Q: On a more personal note, after fifteen months in DRC, how do you manage the stress and all the hard work?
The work is obviously fascinating. It is an enormous challenge and it is possible both to achieve and to see the results of the work. From my perspective, this compares very favourably with my previous assignment in Iraq, which was rather more difficult because of the security situation. In the DRC we do have security, logistical and financial problems, but not on the same scale. We have a number of very good colleagues in various fields who are putting in the extra efforts that are required to make such a large and complex operation a positive experience for the country.
Q: Don’t you ever become discouraged?
I am dealing with the elections and other things. I work on the principle of Murphy’s Law which states that: "If it can go wrong, it will". I keep saying that Mr Murphy is a member of my team and he never misses a meeting. We constantly have to deal with the most unlikely developments at the worst times. You have to develop something of a sense of humour in order to keep going. It is also useful in these circumstances to have some experience of emergencies.

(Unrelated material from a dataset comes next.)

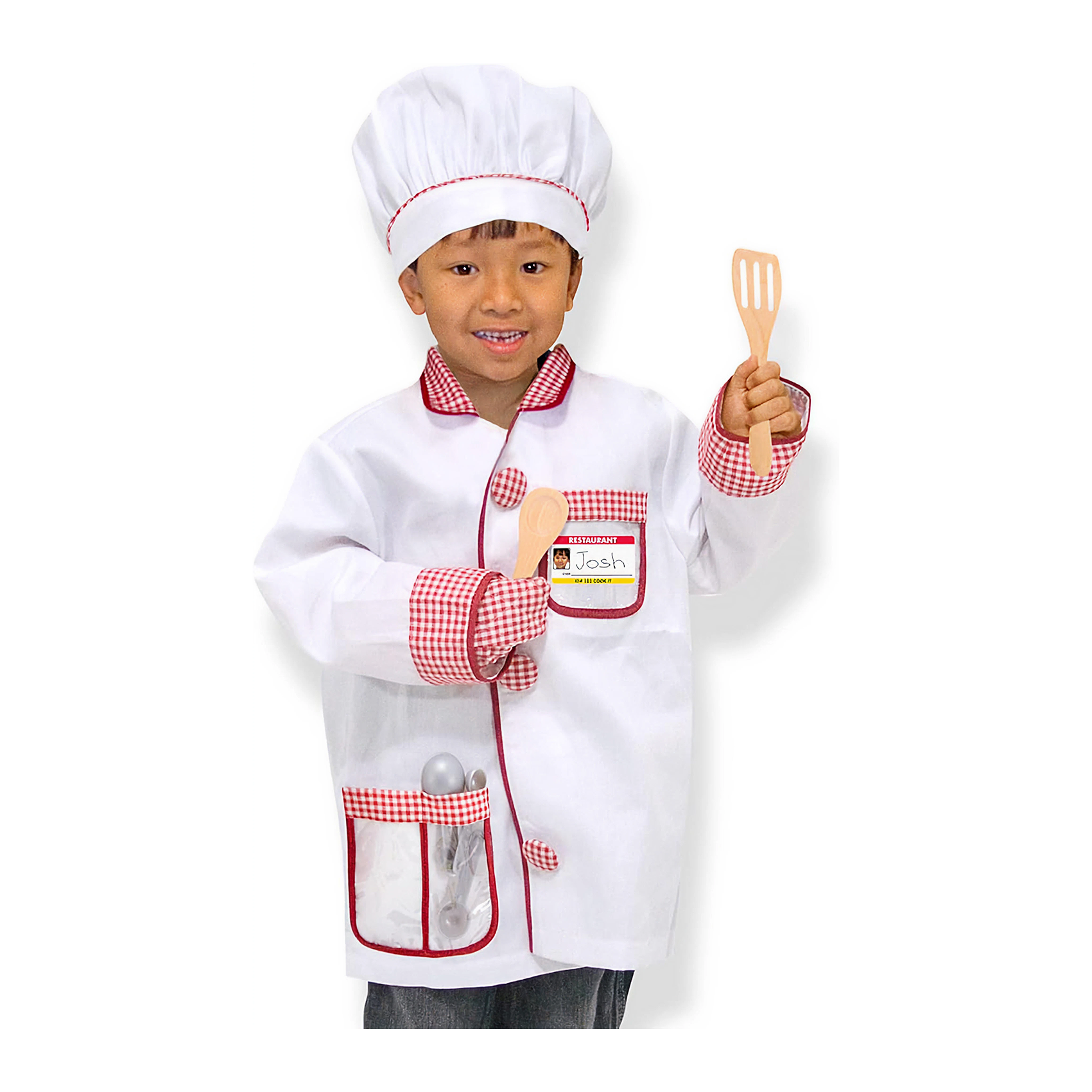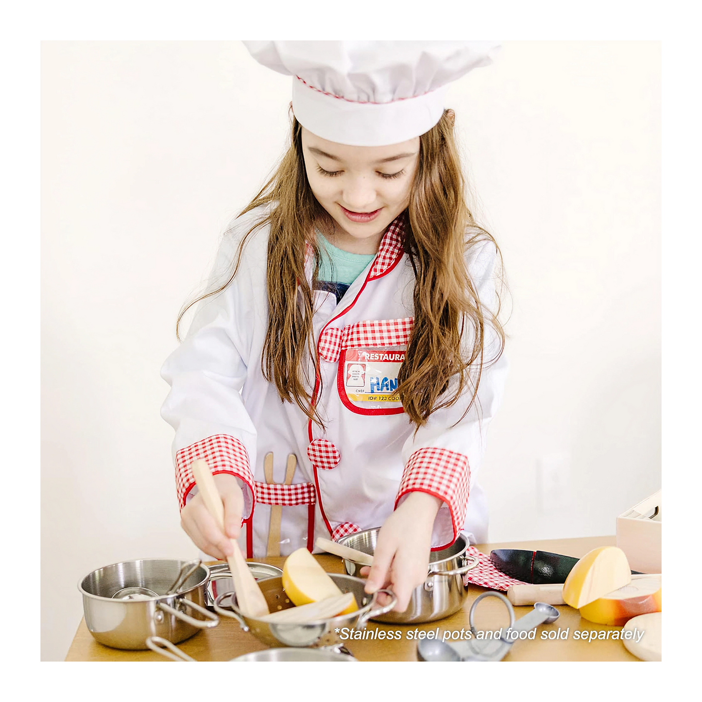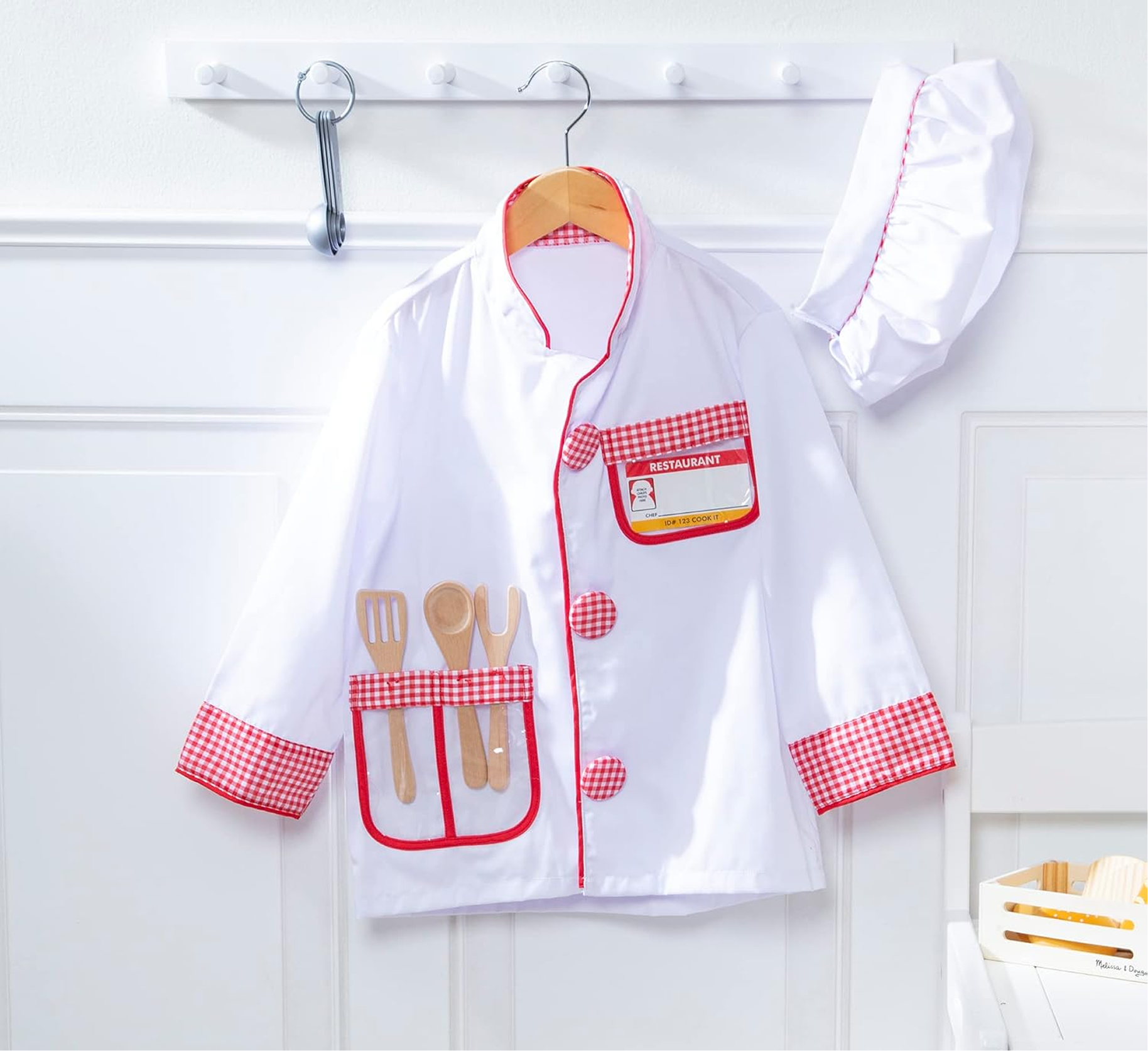 Includes a realistic chef’s jacket and hat, oven mitt, wooden utensils, measuring spoons, and a name tag for immersive pretend cooking play.
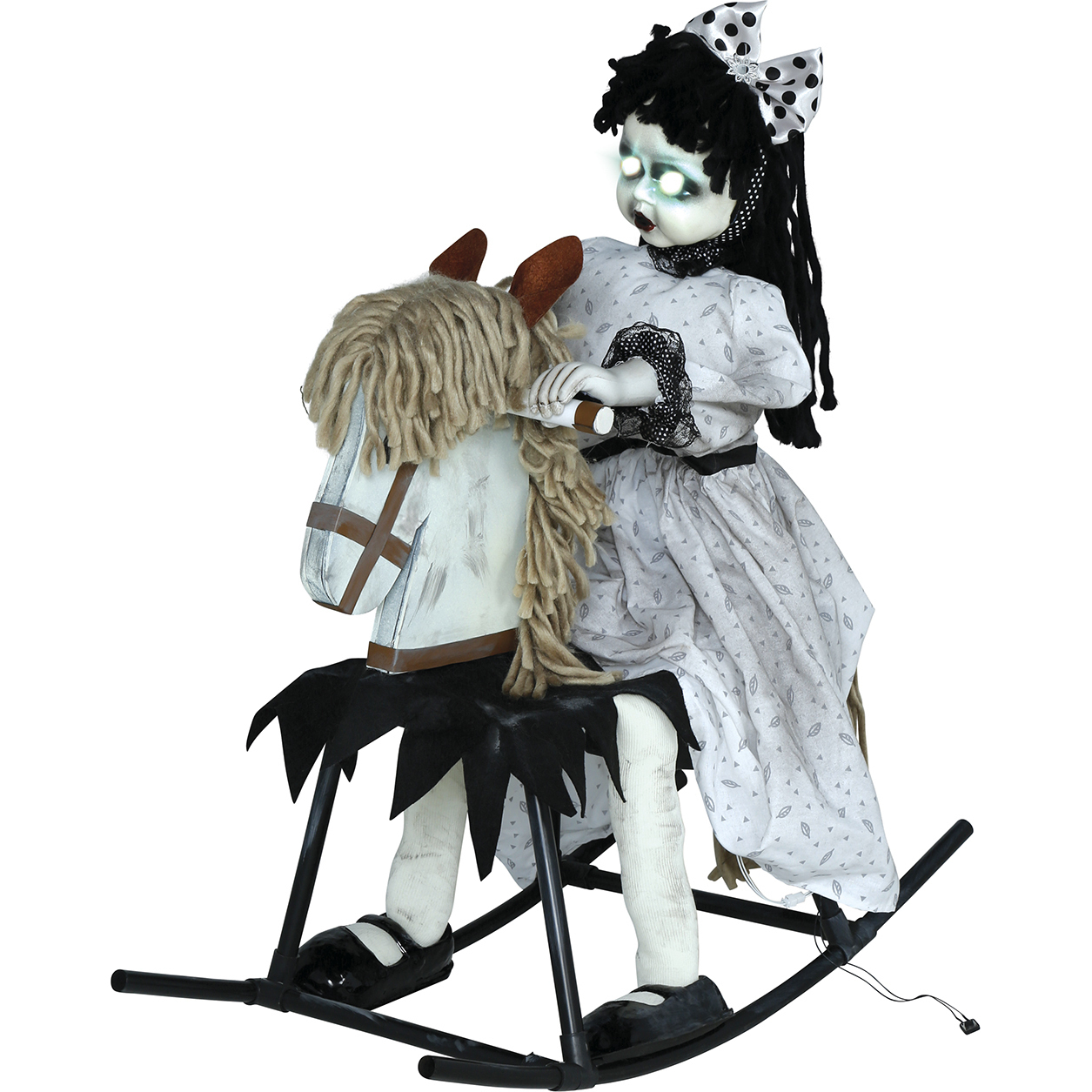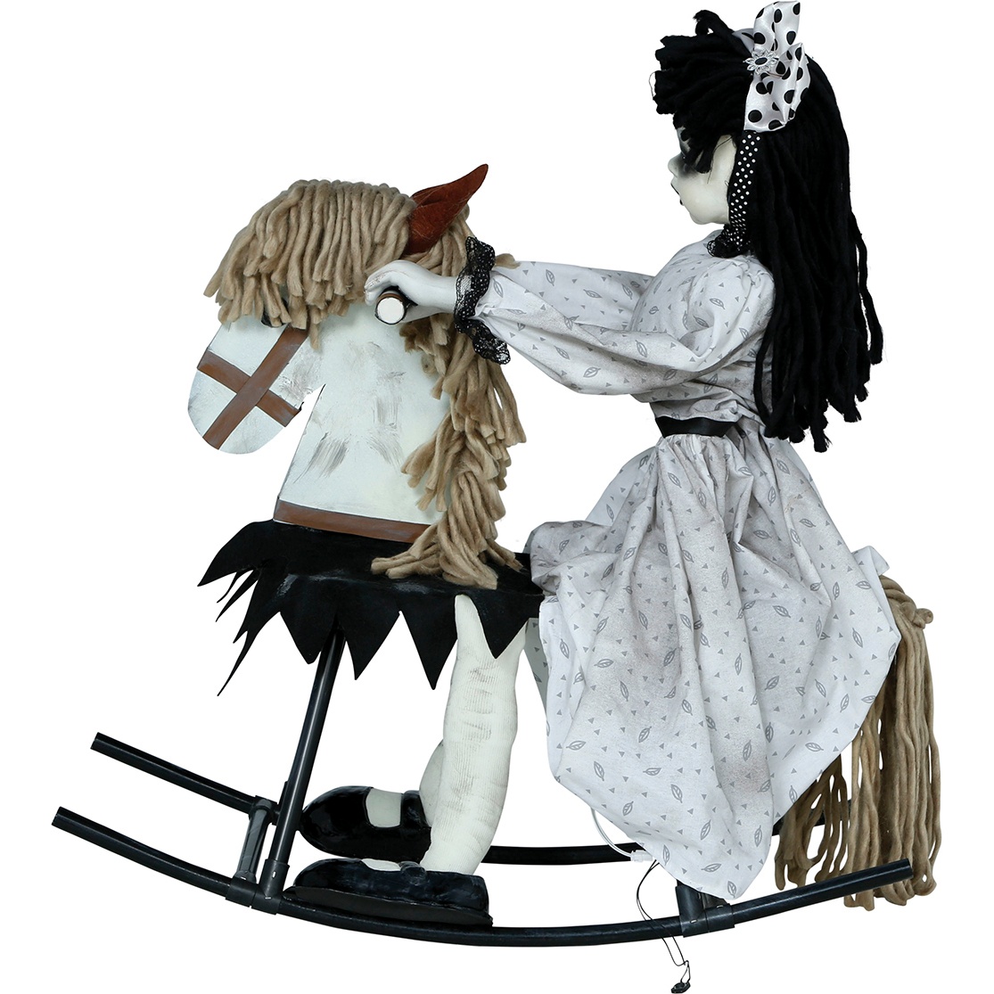 Puppe auf einem Schaukelpferd mit Licht, Ton und Bewegung, 70 cm

Q: Do you have any particular message to the international community here in Geneva?
For so long the DRC has been regarded as a completely hopeless area, a sort of black hole on the map. We have been impressed by the extraordinary enthusiasm shown by the population during the whole electoral process. As the election approached, some of the political leadership were not as enthusiastic about moving into a new era. We hope donor will now take another look and recognize what is required on the humanitarian and the reconstruction side to support DRC. The country has a remarkable population with a capacity for resilience. This is shown by how they have endured more than forty years of mistreatment. Donors will hopefully now recognize the country’s potential and provide the continuing international support allowing the people to achieve that potential.